This is an upstream issue. I have already submitted a PR to include the relevant CRDs in the backup/restore which has been merged. There's a related upstream race condition -- if the newly-loaded CRD isn't yet ready, CR restore will still fail. There's an in-progress upstream PR for that. Once these are both merged, we should be able to include the fix, either when we update to the next Velero release, or if necessary, by cherry-picking the fixes into our internal velero build. The upstream fix that's already merged: https://github.com/vmware-tanzu/velero/pull/1831 The upstream fix that's still in progress: https://github.com/vmware-tanzu/velero/pull/1937
It looks like the upstream in-progress PR is being actively worked again. Once it's merged (and our velero is upgraded to 1.2) I can cherry-pick the upstream fix into our build. The already-merged fix is in velero 1.2
Oops. I updated the wrong PR. Disregard the above comment.

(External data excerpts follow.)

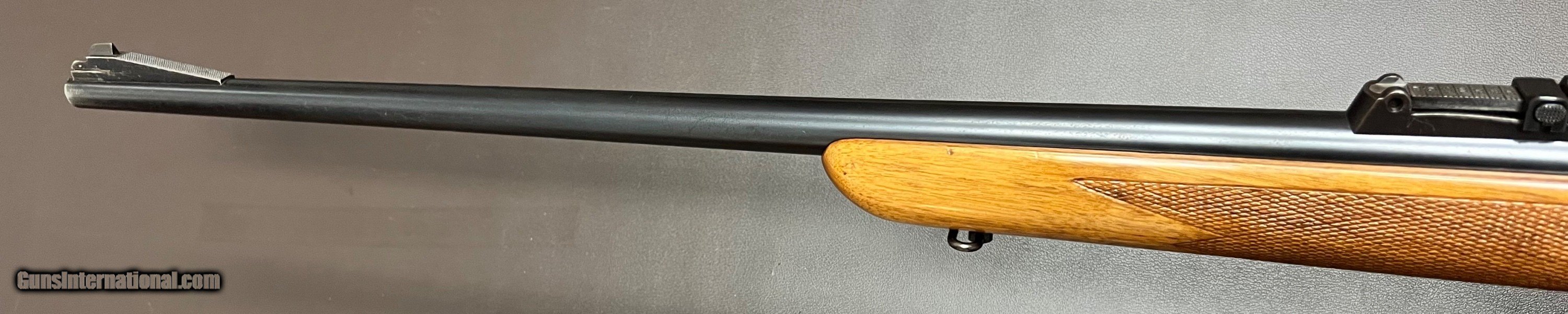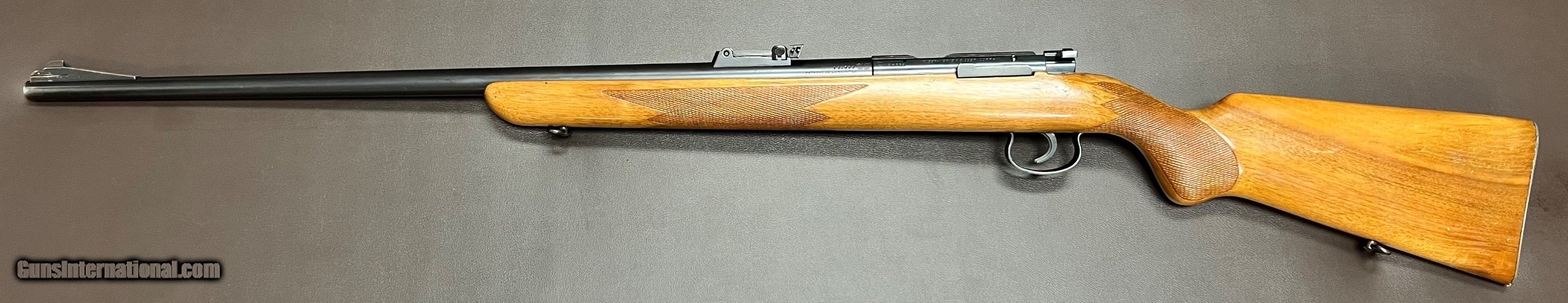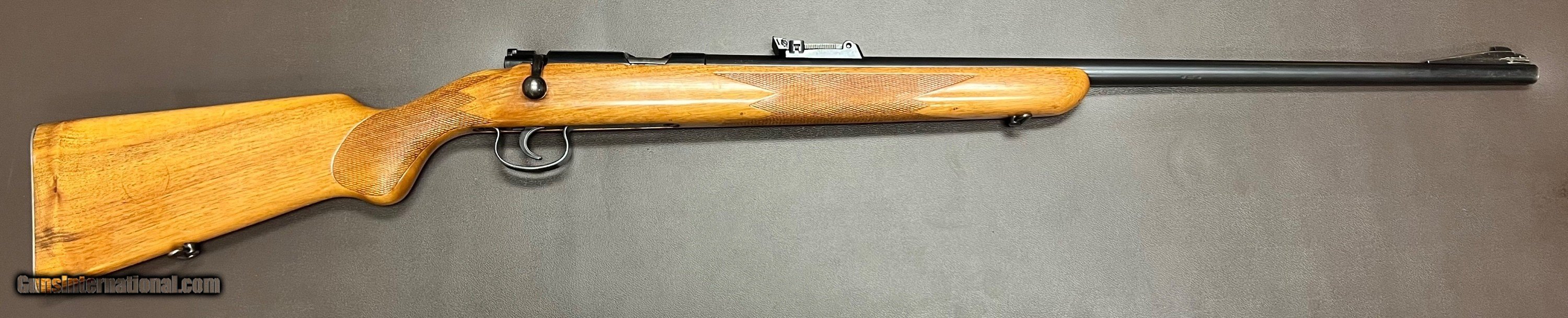 Description: Mauser ES 340 B .22LR single shot target rifle 26.5" heavy barrel with adjustable tangent rear sight (30-200 metres) and ramp front with interchangeable blade Bore is in pristine condition Miniature Mauser action with grooved top for scope mount Two stage trigger with crisp pull Three position safety Sling swivels figured one peice target rifle stock with checkered grip and forend LOP 14 1/8" over Mauser banner buttplate 8lbs 2oz Built in the 1930s Condition: Bluing is in very nice original condition, wood is in excellent refinished condition with added checkering on grip and forend with few minor handling marks. Top quality accurate pre WW2 Mauser .22LR target rifle that shoots as good as anything built today, the grooved receiver makes it so a scope can easily be added to this rifle if preferred. Curio/Relic: Yes Rifle Caliber: .22 Long Rifle Price: $950.00 Buy Now Contact Seller |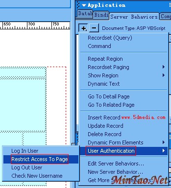 现在我们要回一下头了,我们的edit,asp,del.asp,rep.asp都是不能让别人随随便便访问的,这里就要用到页面保护的服务器行为。Application-->Server Behaviors-->User Authentication-->Restrict Access To Pags(应用程序-->服务器行为-->用户鉴定-->页面数据保护),如图(7-45)所示。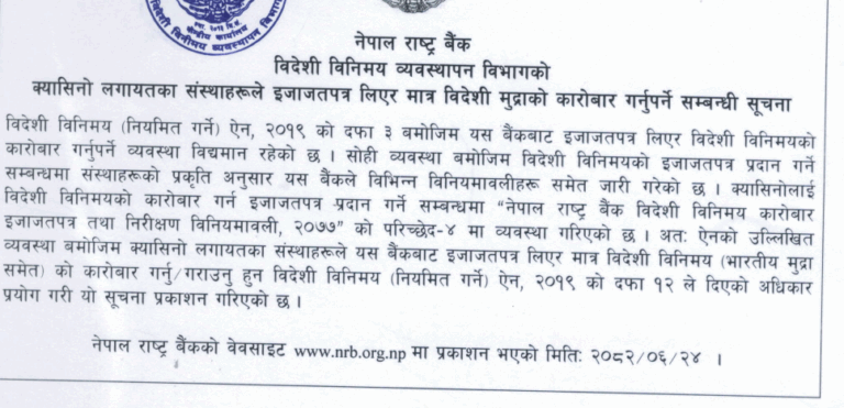 सूचनामा भनिएको छ, ‘नेपाल राष्ट्र बैंक विदेशी विनिमय कारोबार इजाजतपत्र तथा निरीक्षण विनियमावली, २०७७’ को परिच्छेद–४ अनुसार क्यासिनोलाई विदेशी मुद्रा कारोबारको इजाजत प्रदान गर्ने व्यवस्था गरिएको छ ।’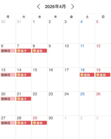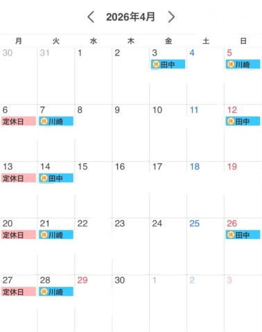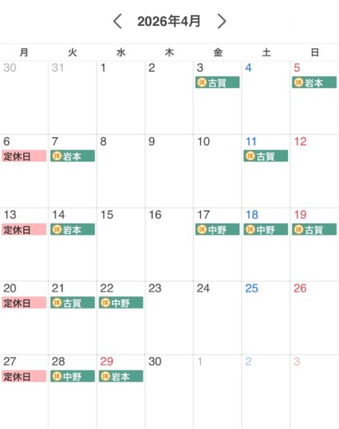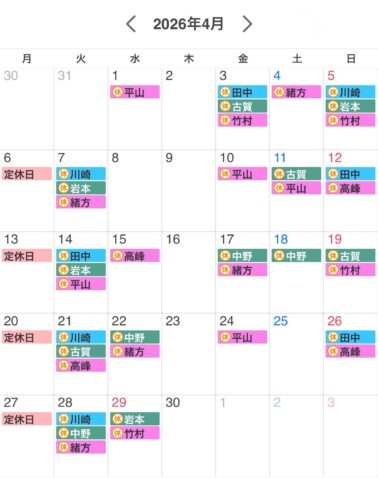 4月のスタイリスト別シフト休みです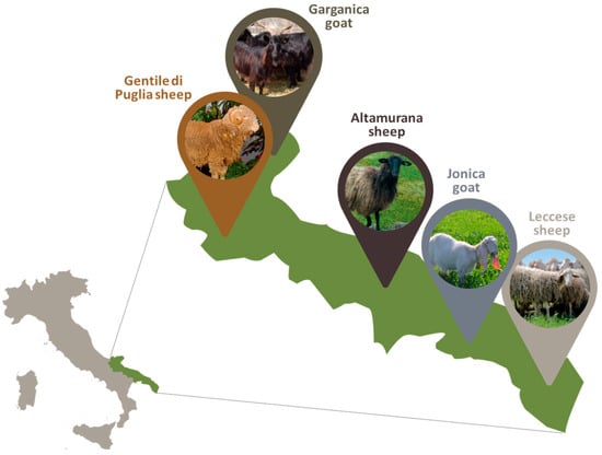 Apulia’s small ruminant biodiversity is enriched by different autochthonous sheep and goat breeds, including Gentile di Puglia, Altamurana, and Leccese sheep breeds and Garganica and Jonica goat breeds, which have a prevalent geographical localization in Apulia region (Figure 1).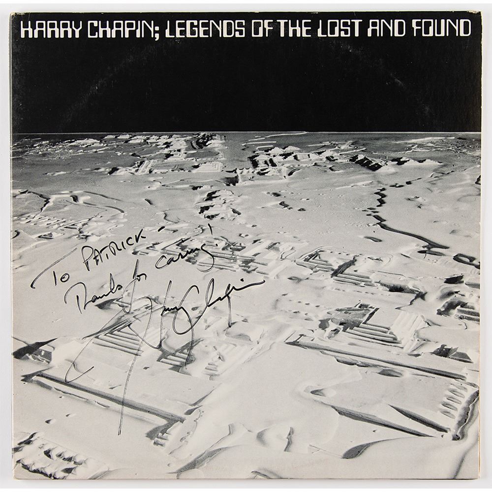 Legends of the Lost and Found album by Harry Chapin, signed and inscribed on the front cover in black felt tip, "To Patrick—Thanks for caring! Harry Chapin." In fine condition. The records are included.

The upstream commits from the (open) upstream PR have been cherry-picked into https://github.com/fusor/velero/pull/48 -- once that's tested and reviewed it can be merged. Once we upgrade to Velero 1.3, we will no longer need to carry this cherry-pick.
We ran into some issues with further testing and believe more work is required to investigate a potential upstream problem. Moving this to next release as we missed the window to get this into CAM 1.1
Velero 1.3.1 should include the remaining part of the fix.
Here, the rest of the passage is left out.